I always found mechanical fear in role-playing games an odd thing, especially because it is often disconnected from actual fear. That emotion the players actually feel and have their characters react accordingly to.
I find (players) and their characters often fear things because they are dangerous, unpredictable, have dire consequences or the GM simply has created an effective spooky atmosphere. They rarely fear something because someone asks them they fail a fear check.
I do not need to ask the players to roll a fear check when some dread dark Jedi appears of which they have heard terrible rumors for some time. The fact alone is enough to make the players scramble and have their faces turn white.
Conversely, when something the players don't actually fear something (because it is not a threat when looking at it from a narrative or game-mechanics) it is really hard to have them act that way.

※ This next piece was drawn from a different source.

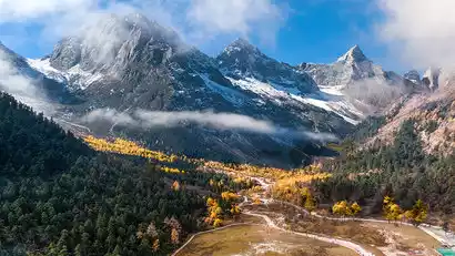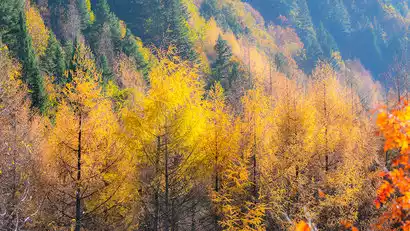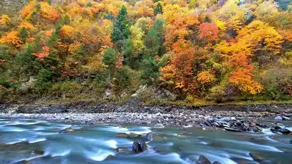 Bipenggou in autumn can be called the "forest and snowfield" of the west. This is also the same forest sea as Douyin. In the gully, you can hike and enjoy the beautiful scenery along the way. The stream flows up and down between the ice sheets, and the snow-capped mountains are set against the colorful forests. Hurry up and pick up your phone, open Douyin, press the shutter, and sit back and receive red hearts and likes.

That is why I find a fear mechanic rather misplaced and ultimately very unsatisfying. The rules sometimes say 'you fear this' while it doesn't make any narrative sense to do so.
If I am a GM, as a consequence, I never have players make fear checks. I find it nonsense. But as a player I have suggested GMs who do use it, to make it an actual choice after failing a fear check: either you give in to the fear, and take the penalty the GM has decided, or you decide to overcome your fear, taking X strain damage (depending on how badly you failed the check) instead. I found this to be a much more interesting use of the mechanic, who gives players more narrative options how to handle mechanical fear.
Actual fear still beats check-induced-fear by a huge margin though.
How do you handle fear checks? And do you find your failed fear checks generate actual fear?